Because, you see, editors can see it in your writing. Cheesy TV dialogue, clichéd movie plot points, lazy descriptions, awkward scene shifts--all of these are symptoms of Idiot's Syndrome and it even the most novice of editors can diagnose the affliction before finishing the first chapter of your manuscript. It's almost always unintentional--a few lines of dialogue here, a few descriptions there. While you're looking for the perfect way to get rid of one of your characters, you hark back to the last good movie you saw and steal an idea or two.

“Just to give me a starting point,” you tell yourself. By chapter three, you're sneaking in entire lines of dialogue you liked. By chapter five, your two main characters are engrossed in a melodramatic fight so over-the-top that it could only have been found on ABC's newest melodrama.

How do you treat this disease? The answer is simple, albeit difficult: turn off your TV. Like the thousands of toxic materials we consume on a daily basis, TV needs to be enjoyed sparingly. There are a lot of good movies that come out every year, but for every good movie there are twenty bad ones.
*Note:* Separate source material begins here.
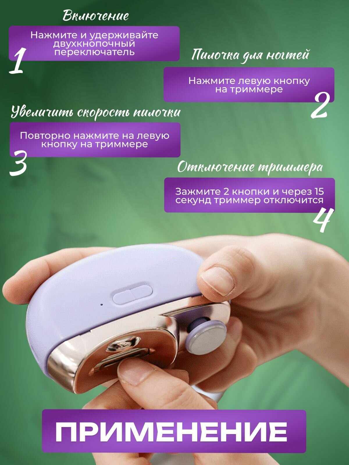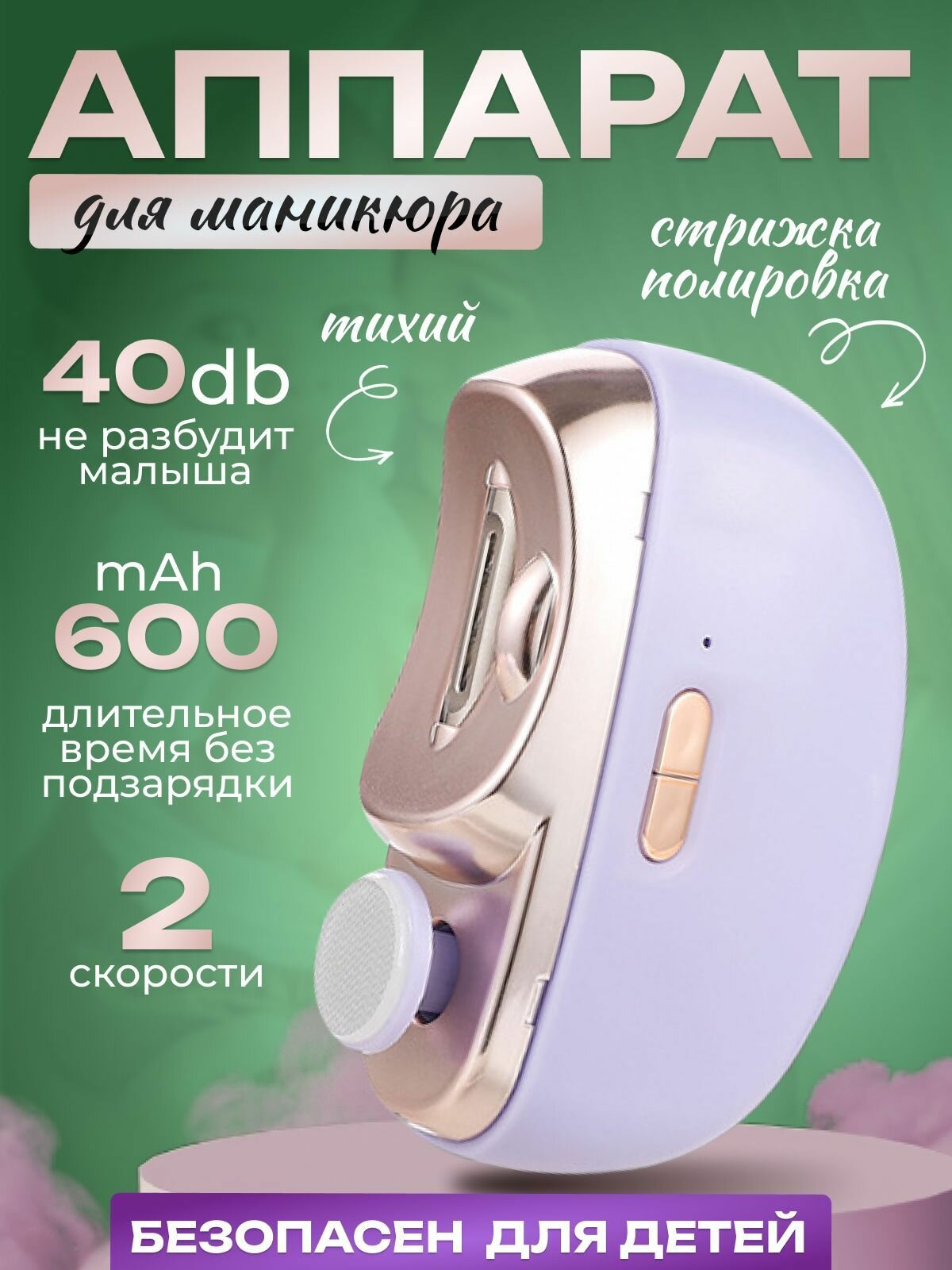 Мощный и безопасный триммер для ногтей/ Электронные ножницы для быстрого и аккуратного маникюра/ Маникюрные ножницы для детей и взрослых/Маникюрный аппарат для ногтей фиолетового цвета/Аппарат для стрижки полировки ногтей.

And let's face it: the bad ones are fun to watch. But they're dangerous to the easily influenced writer. Watch them sparingly, or, if you must watch them, disinfect your mind with 20cc's of Chekhov afterward to clean your creative palette.

Editors don't read manuscripts and look for ways to dumb down a book (good ones don't, at least). Editors are willing to let a book run its course, not limiting it to the literary equivalent of ninety minutes. When you read a book from a publisher, you're reading something that has passed through the hands of multiple editors, each working with the book's creator to make the book better, not necessarily more marketable (although again, this can occasionally happen). The more you read, the more you develop an understanding of the English language.

The more you read, the better you get.

It's that simple. And here's another thing you don't get from TV: you can get better no matter what you read. When you read a good book, you take in what makes it good. The more good books you read, the more you begin to notice what makes those books good, and the more you incorporate those things into your own writing. The more conscious you are of this, the more frequently it will happen. And the more bad books you read, the more you come to understand what makes them bad.